- **Task prompt**: Output the records below verbatim, minus the pictures.

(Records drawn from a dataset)
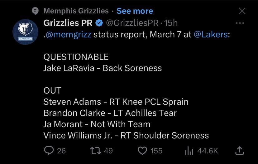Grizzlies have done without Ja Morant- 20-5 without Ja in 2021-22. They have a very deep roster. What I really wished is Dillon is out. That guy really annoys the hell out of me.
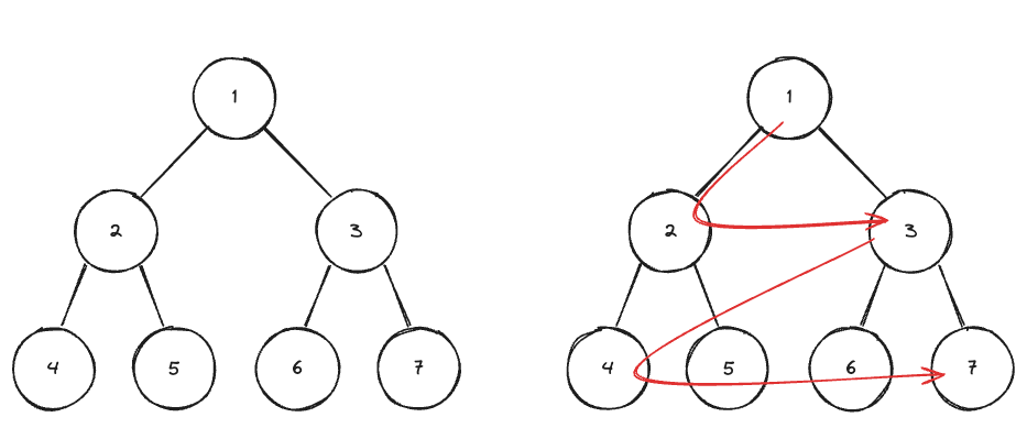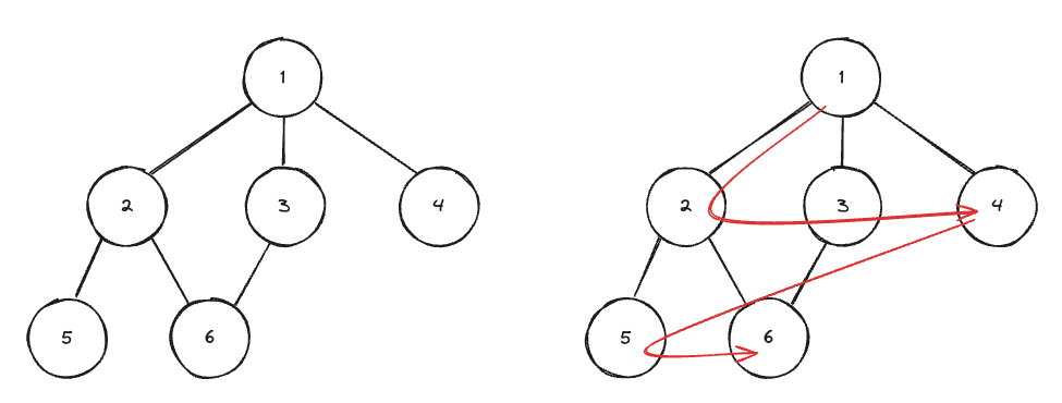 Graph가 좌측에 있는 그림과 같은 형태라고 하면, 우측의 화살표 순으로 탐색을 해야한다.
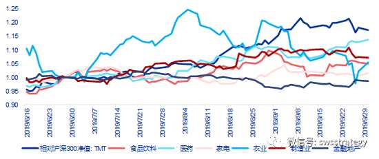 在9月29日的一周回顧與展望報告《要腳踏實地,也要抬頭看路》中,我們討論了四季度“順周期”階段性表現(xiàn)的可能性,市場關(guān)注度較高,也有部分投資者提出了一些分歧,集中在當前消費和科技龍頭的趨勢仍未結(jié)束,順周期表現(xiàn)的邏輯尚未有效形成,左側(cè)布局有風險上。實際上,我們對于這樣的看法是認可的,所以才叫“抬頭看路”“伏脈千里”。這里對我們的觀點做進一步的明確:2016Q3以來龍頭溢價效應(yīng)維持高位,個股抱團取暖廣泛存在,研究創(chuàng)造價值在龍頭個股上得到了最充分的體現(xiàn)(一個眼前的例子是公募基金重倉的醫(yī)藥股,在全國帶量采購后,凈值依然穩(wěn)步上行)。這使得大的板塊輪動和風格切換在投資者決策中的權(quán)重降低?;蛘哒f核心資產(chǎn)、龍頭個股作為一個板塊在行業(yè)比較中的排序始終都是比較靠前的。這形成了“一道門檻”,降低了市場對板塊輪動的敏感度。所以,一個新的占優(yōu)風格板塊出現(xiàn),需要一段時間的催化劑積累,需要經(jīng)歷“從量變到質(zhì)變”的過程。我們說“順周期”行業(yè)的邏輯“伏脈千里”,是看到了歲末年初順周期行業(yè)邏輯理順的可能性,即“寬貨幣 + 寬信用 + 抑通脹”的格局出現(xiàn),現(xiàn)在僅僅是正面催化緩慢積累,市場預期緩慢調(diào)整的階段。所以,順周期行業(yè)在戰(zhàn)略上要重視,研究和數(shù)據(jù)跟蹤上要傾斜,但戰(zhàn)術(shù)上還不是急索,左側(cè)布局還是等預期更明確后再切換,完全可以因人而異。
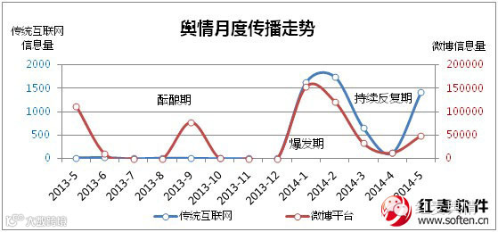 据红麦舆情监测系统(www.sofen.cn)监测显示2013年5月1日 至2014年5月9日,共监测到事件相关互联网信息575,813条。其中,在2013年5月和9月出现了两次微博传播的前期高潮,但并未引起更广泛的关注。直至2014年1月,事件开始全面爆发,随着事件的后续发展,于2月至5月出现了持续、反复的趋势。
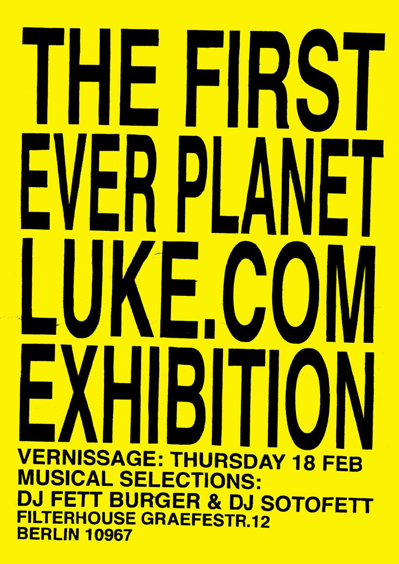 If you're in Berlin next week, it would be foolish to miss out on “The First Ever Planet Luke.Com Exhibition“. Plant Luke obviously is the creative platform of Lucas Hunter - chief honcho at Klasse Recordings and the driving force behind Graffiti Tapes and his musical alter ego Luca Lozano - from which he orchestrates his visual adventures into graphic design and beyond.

- **Solution**:
Grizzlies have done without Ja Morant- 20-5 without Ja in 2021-22. They have a very deep roster. What I really wished is Dillon is out. That guy really annoys the hell out of me.
 Graph가 좌측에 있는 그림과 같은 형태라고 하면, 우측의 화살표 순으로 탐색을 해야한다.
 在9月29日的一周回顧與展望報告《要腳踏實地,也要抬頭看路》中,我們討論了四季度“順周期”階段性表現(xiàn)的可能性,市場關(guān)注度較高,也有部分投資者提出了一些分歧,集中在當前消費和科技龍頭的趨勢仍未結(jié)束,順周期表現(xiàn)的邏輯尚未有效形成,左側(cè)布局有風險上。實際上,我們對于這樣的看法是認可的,所以才叫“抬頭看路”“伏脈千里”。這里對我們的觀點做進一步的明確:2016Q3以來龍頭溢價效應(yīng)維持高位,個股抱團取暖廣泛存在,研究創(chuàng)造價值在龍頭個股上得到了最充分的體現(xiàn)(一個眼前的例子是公募基金重倉的醫(yī)藥股,在全國帶量采購后,凈值依然穩(wěn)步上行)。這使得大的板塊輪動和風格切換在投資者決策中的權(quán)重降低?;蛘哒f核心資產(chǎn)、龍頭個股作為一個板塊在行業(yè)比較中的排序始終都是比較靠前的。這形成了“一道門檻”,降低了市場對板塊輪動的敏感度。所以,一個新的占優(yōu)風格板塊出現(xiàn),需要一段時間的催化劑積累,需要經(jīng)歷“從量變到質(zhì)變”的過程。我們說“順周期”行業(yè)的邏輯“伏脈千里”,是看到了歲末年初順周期行業(yè)邏輯理順的可能性,即“寬貨幣 + 寬信用 + 抑通脹”的格局出現(xiàn),現(xiàn)在僅僅是正面催化緩慢積累,市場預期緩慢調(diào)整的階段。所以,順周期行業(yè)在戰(zhàn)略上要重視,研究和數(shù)據(jù)跟蹤上要傾斜,但戰(zhàn)術(shù)上還不是急索,左側(cè)布局還是等預期更明確后再切換,完全可以因人而異。
 据红麦舆情监测系统(www.sofen.cn)监测显示2013年5月1日 至2014年5月9日,共监测到事件相关互联网信息575,813条。其中,在2013年5月和9月出现了两次微博传播的前期高潮,但并未引起更广泛的关注。直至2014年1月,事件开始全面爆发,随着事件的后续发展,于2月至5月出现了持续、反复的趋势。
 If you're in Berlin next week, it would be foolish to miss out on “The First Ever Planet Luke.Com Exhibition“. Plant Luke obviously is the creative platform of Lucas Hunter - chief honcho at Klasse Recordings and the driving force behind Graffiti Tapes and his musical alter ego Luca Lozano - from which he orchestrates his visual adventures into graphic design and beyond.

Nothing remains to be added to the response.